* Extracted entries
§ §

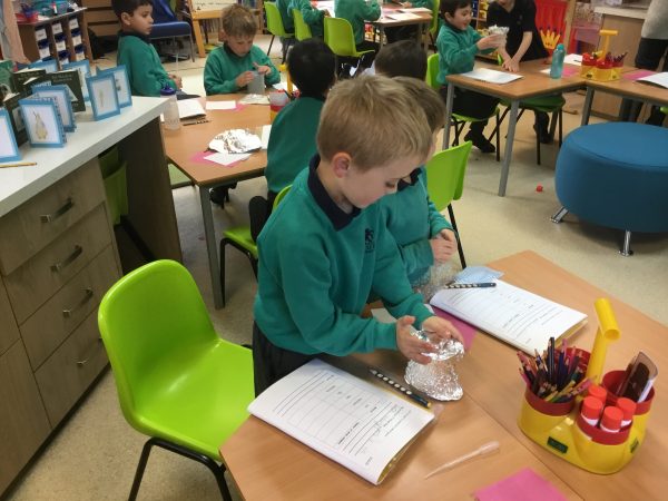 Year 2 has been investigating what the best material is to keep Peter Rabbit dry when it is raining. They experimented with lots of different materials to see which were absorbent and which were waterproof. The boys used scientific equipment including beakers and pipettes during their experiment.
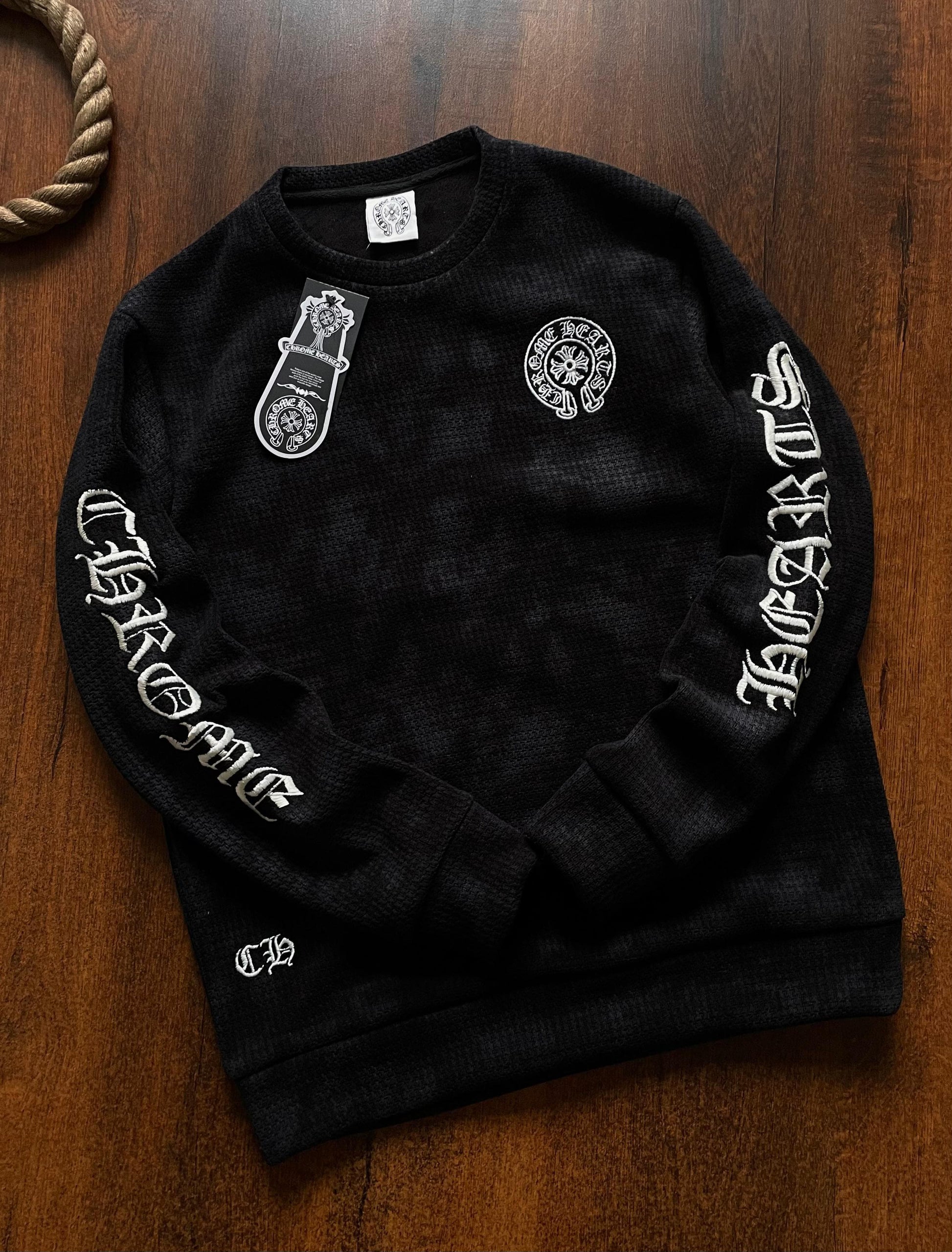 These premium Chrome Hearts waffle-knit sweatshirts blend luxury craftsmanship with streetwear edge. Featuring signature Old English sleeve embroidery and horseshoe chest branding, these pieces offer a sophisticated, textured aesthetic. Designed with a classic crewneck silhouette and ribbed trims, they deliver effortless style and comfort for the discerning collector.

§ §

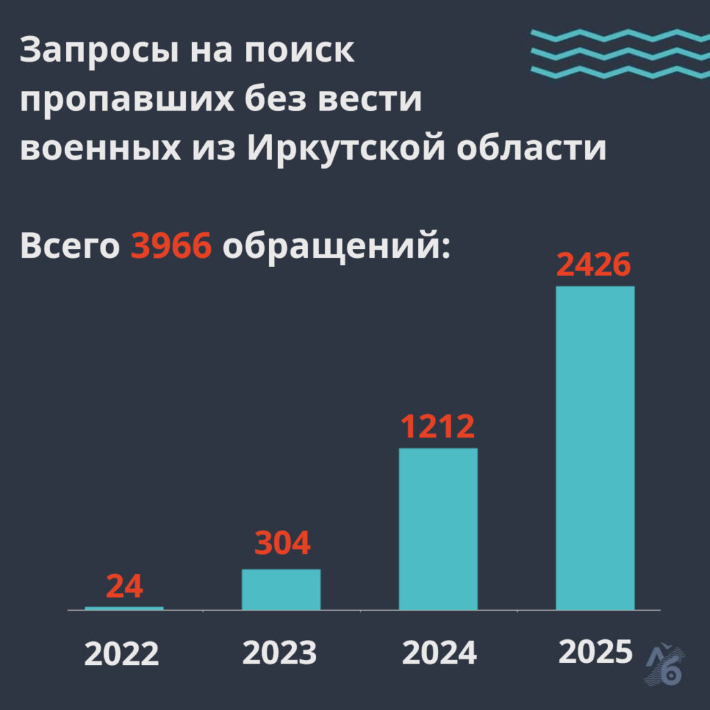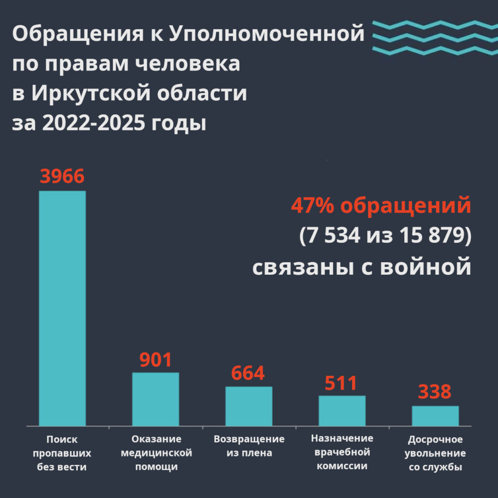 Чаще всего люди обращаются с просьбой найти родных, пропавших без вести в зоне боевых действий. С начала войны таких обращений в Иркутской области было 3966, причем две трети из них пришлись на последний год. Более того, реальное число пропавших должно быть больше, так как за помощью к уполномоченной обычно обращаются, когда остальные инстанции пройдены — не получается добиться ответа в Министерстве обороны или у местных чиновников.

§ §

Only the lines between the one with "Year 2 has been" and the one with "These premium Chrome", those two included, get copied from the material above. Keep it exact and free of pictures.

* Answer for this exercise
 Year 2 has been investigating what the best material is to keep Peter Rabbit dry when it is raining. They experimented with lots of different materials to see which were absorbent and which were waterproof. The boys used scientific equipment including beakers and pipettes during their experiment.
 These premium Chrome Hearts waffle-knit sweatshirts blend luxury craftsmanship with streetwear edge. Featuring signature Old English sleeve embroidery and horseshoe chest branding, these pieces offer a sophisticated, textured aesthetic. Designed with a classic crewneck silhouette and ribbed trims, they deliver effortless style and comfort for the discerning collector.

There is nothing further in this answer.